====== Given data ======
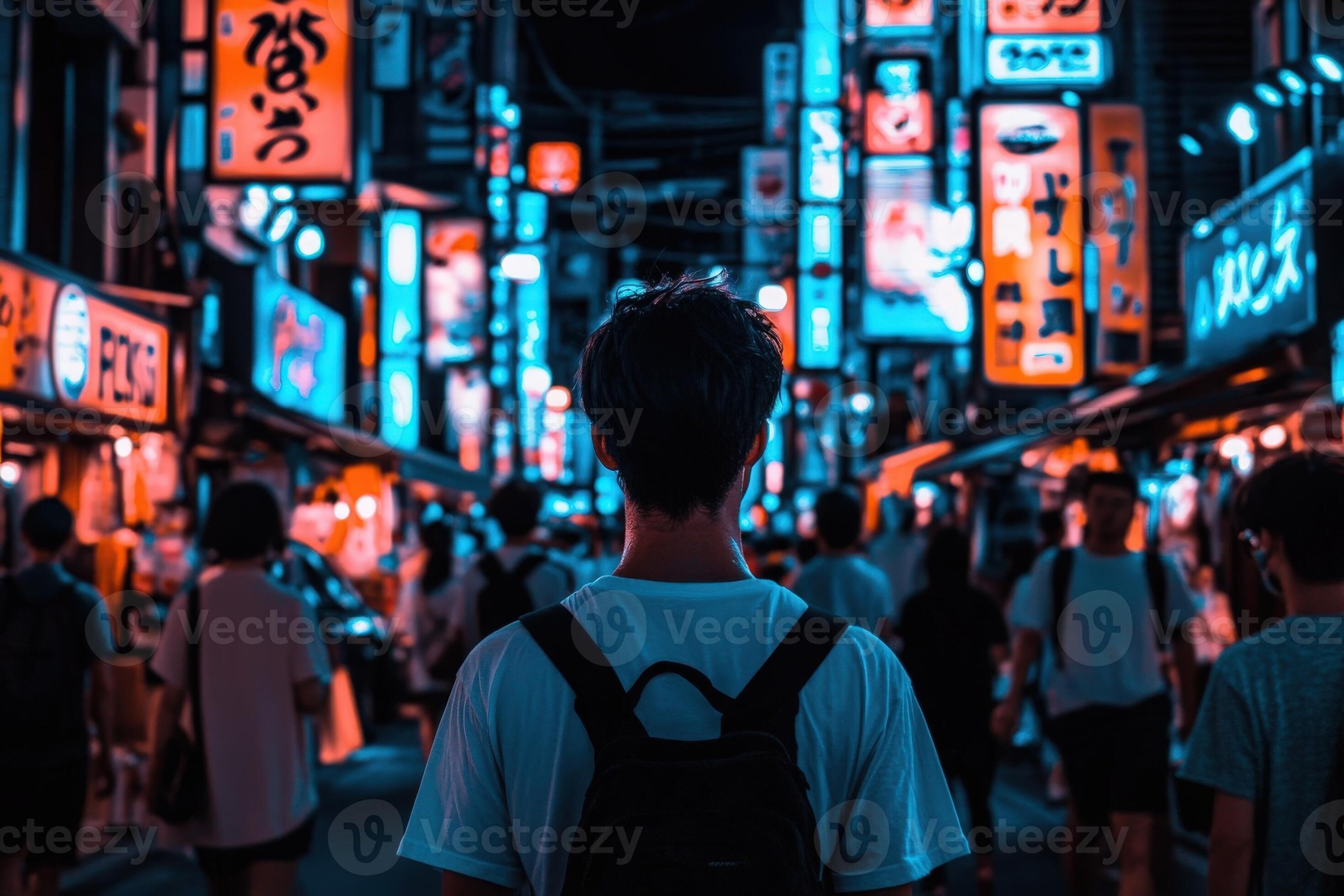 Beneath vibrant neon lights people wander through Tokyos bustling
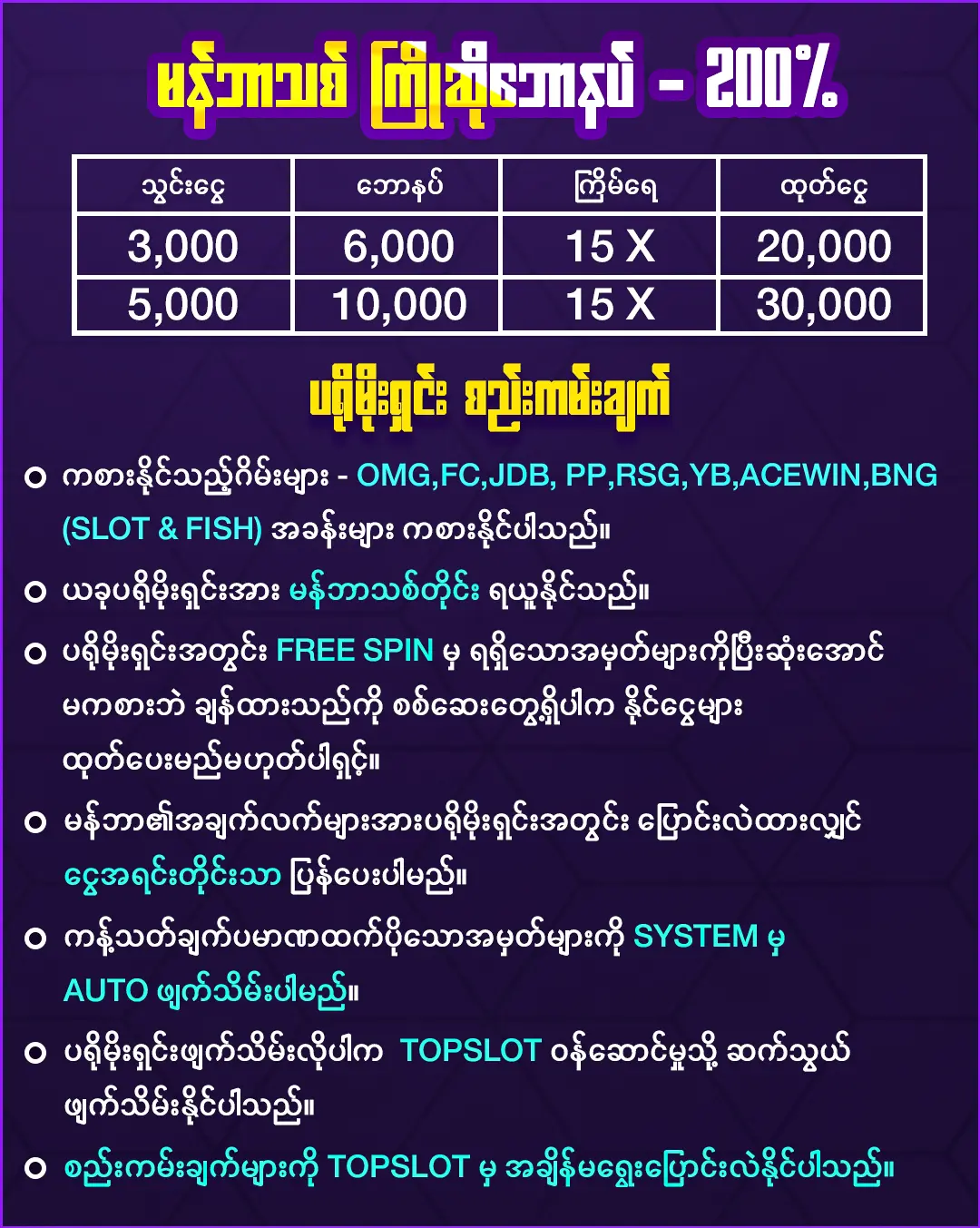 2. Slot ဂိမ္းအားလုံးတြက္ခ်က္ေပးပါသည္။(YGG ၊ ACE WIN မပါဝင္ပါ)အႏိုင္ရရွိေသာဆုမ်ားကို ႀကိမ္ေရတစ္ဆကစားၿပီးမွသာလွ်င္ေငြထုတ္ႏိုင္မည္။
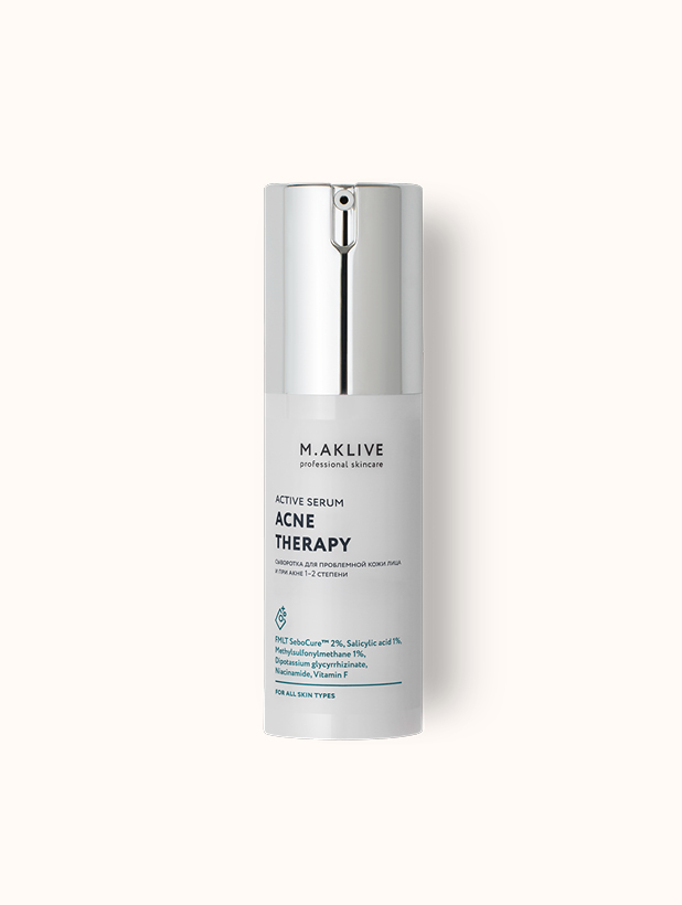 - Проникая в глубокие слои эпидермиса, инкапсулированная в липосомы смесь соли цинка, экстракта корней дикого ямса, азелаиновой кислоты, изофлавоноидов сои, пиридоксина НСl, ниацинамида, масла ши и церамидов снижает процесс закупоривания пор и образования комедонов, регулирует выработку себума и, как следствие, уменьшает деятельность Cutibacterium acnes, что приводит к сокращению воспалительных элементов.
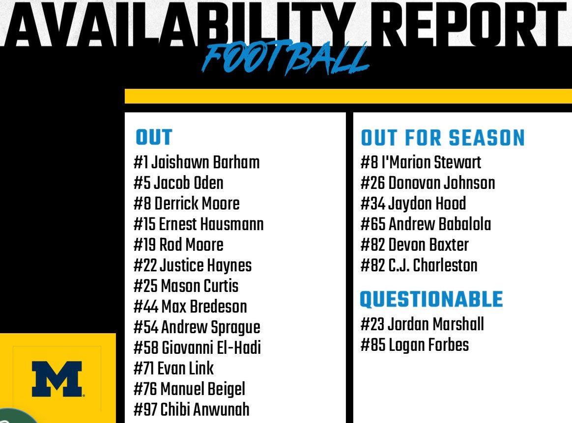 Offense gained 373 net yards with 174 on the ground; they were 9 of 24 in 3rd and 4th down conversions with 19 first downs. Bryce Underwood hit 23 of 42 for 199 yards, 2 TDs and 3 interceptions; he ran 14 times for 69 yards and a TD after 25 yards were deducted from sacks. Bryson Kuzdzal ran 20 times for 82 yards. Andrew Marsh caught 3 passes for 10 yards and a TD. Kendrick Bell caught two passes for 24 yards including a 12 yard TD. Donoven McCulley caught 4 passes for 54 yards. Marlin Klein caught 4 passes for 39 yards. Semaj Morgan caught a 9 yard pass, and ran twice for -5 yards; he also missed on another halfback pass, his second of the season. The Longhorns recorded 3 sacks against the Wolverines, and hurried Underwood all day long until he unravelled with three 4th quarter interceptions after Michigan led 27-24 with 10:56 to go in the 4th quarter. Michigan held over 6 minutes time of possession advantage, and it gave them 14 more offensive plays. Ty'Anthony Smith led the Texas defense with 9 tackles plus 2 interceptions.
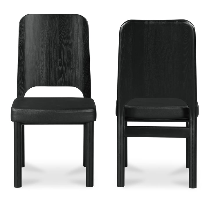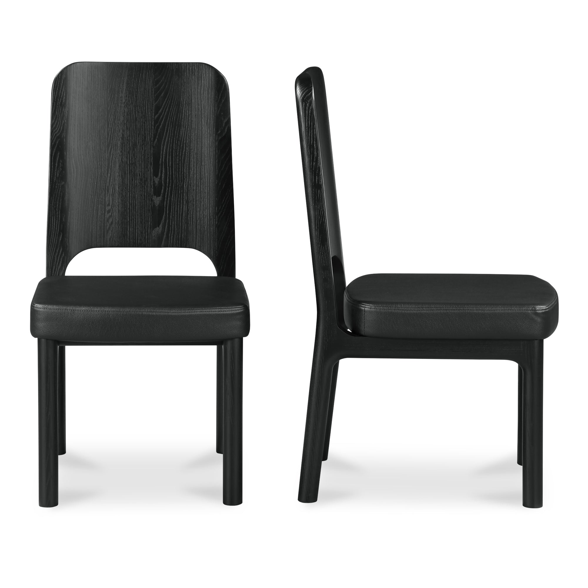 Melisette Dining Chair, Walnut Stained Solid Ash Frame with Black Vegan Leather Upholstery - Set of 2
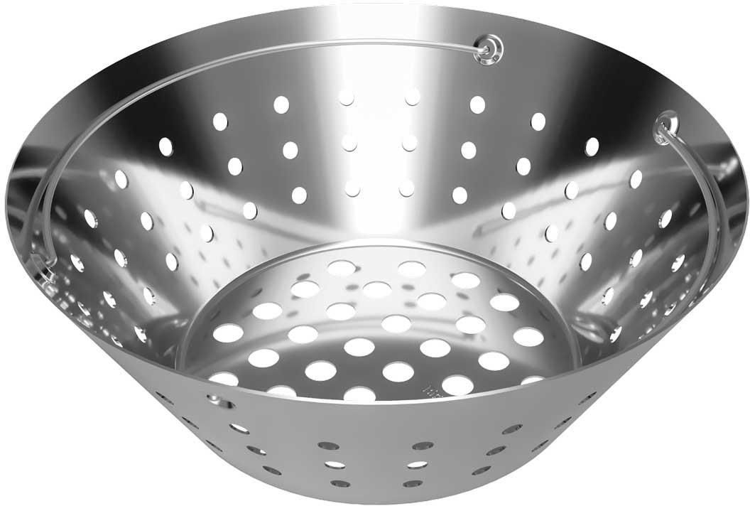Stalowa Misa Ogniowa Big Green Egg 2 XL (Fire Bowl 122698)) Wykonana ze stali nierdzewnej misa ogniowa jest niezbędna do bezpiecznego i czystego rozpalania grilla oraz usuwania resztek spalonego węgla z grilla. Zapewnia maksymalny przepływ powietrza dzięki czemu filtruje spalony popiół zgaszonego już węgla drzewnego. Posiada praktyczne uchwyty za pomocą których wkładamy i wyjmujemy ją z paleniska grilla Big Green Egg. Misa posiada dwie oddzielne komory, które wyznaczają dwie strefy grillowania w jajach 2 XL. Misa ogniowa wykonana jest ze stali nierdzewnej najwyższej jakości bez spoin, dzięki czemu jest wyjątkowo wytrzymała. Wykona za ciebie całą brudna robotę podczas czyszczenia grilla po użyciu. Misę umieszczamy bezpośrednio na dolnej kratce żeliwnej lub bezpośrednio w koszu ogniowym.
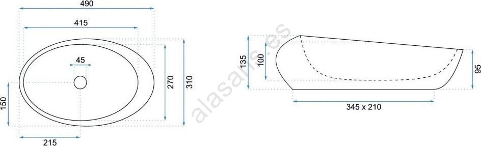 REA-U6649 - Lavabo sobre encimera ROXY 31x49 cm cerámica/efecto piedra
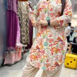 Attractive muslin 2pc collar style coord set with digital print all over the top with plain dhoti & work on borders of dhoti.
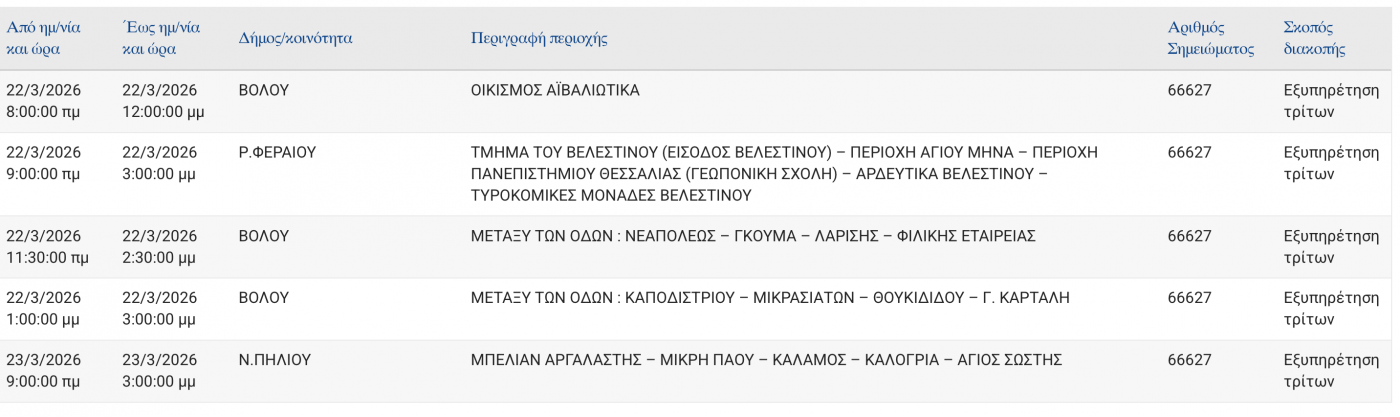 Διακοπές ρεύματος την Κυριακή σε τμήμα του Βελεστίνου
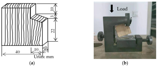 In total, 40 notched specimens as described in Section 2.1 were prepared in the RL system (Figure 1). The shear strength was measured according to GB/1937-91. The test was carried out at a uniform rate, and the test specimen was destroyed within 90–120 s. Before measurement, the number and width of the annual rings were measured on the transverse face of the butt end of the samples.
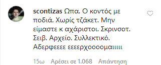 “Ώπα. Ο κοντός με ποδιά. Χωρίς τζάκετ. Μην είμαστε και αχάριστοι. Σκρίνσοτ. Σέιβ. Αρχειο. Συλλεκτικό. Αδερφέ έρχομαι” του έγραψε.
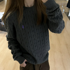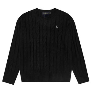 RL拉夫劳伦战马小马刺绣麻花毛衣圆领套头针织衫休闲百搭老钱风女
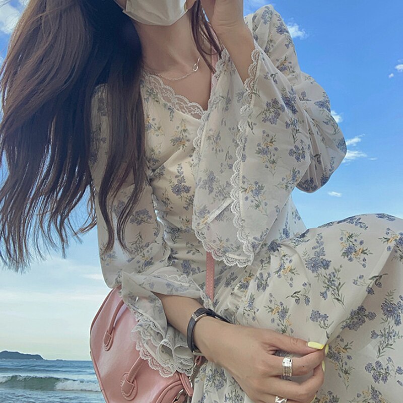 Women Sexy Lace Dress French Floral Gentle Dresses V-Neck Chiffon Bell Long-Sleeve Dress Autumn Fashion Temperament Long Skirt
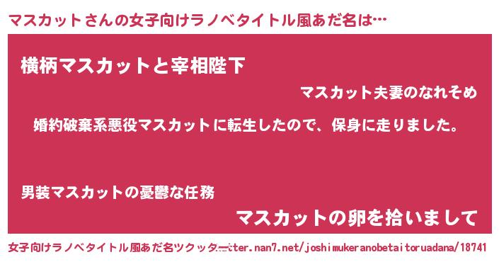 | 男性向けラノベタイトル風あだ名 | 『転生したらマスカットだった件』 |
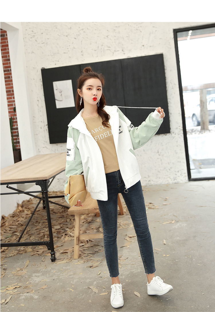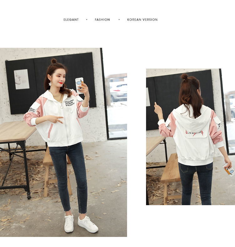 봄과 가을 새로운 한국 스타일 느슨한 학생 후드 컬러 매칭 프린트 재킷 여성 모든 매치 캐주얼 재킷 야구복 탑스토어 가기
======
Above are the records; please give again, exactly and in full, only the lines that run from the line with "REA-U6649 - Lavabo" through the line with "男性向けラノベタイトル風あだ名 | 『転生したらマスカットだった件』 |", with no pictures.

> _Exercise answer_
 REA-U6649 - Lavabo sobre encimera ROXY 31x49 cm cerámica/efecto piedra
 Attractive muslin 2pc collar style coord set with digital print all over the top with plain dhoti & work on borders of dhoti.
 Διακοπές ρεύματος την Κυριακή σε τμήμα του Βελεστίνου
 In total, 40 notched specimens as described in Section 2.1 were prepared in the RL system (Figure 1). The shear strength was measured according to GB/1937-91. The test was carried out at a uniform rate, and the test specimen was destroyed within 90–120 s. Before measurement, the number and width of the annual rings were measured on the transverse face of the butt end of the samples.
 “Ώπα. Ο κοντός με ποδιά. Χωρίς τζάκετ. Μην είμαστε και αχάριστοι. Σκρίνσοτ. Σέιβ. Αρχειο. Συλλεκτικό. Αδερφέ έρχομαι” του έγραψε.
 RL拉夫劳伦战马小马刺绣麻花毛衣圆领套头针织衫休闲百搭老钱风女
 Women Sexy Lace Dress French Floral Gentle Dresses V-Neck Chiffon Bell Long-Sleeve Dress Autumn Fashion Temperament Long Skirt
 | 男性向けラノベタイトル風あだ名 | 『転生したらマスカットだった件』 |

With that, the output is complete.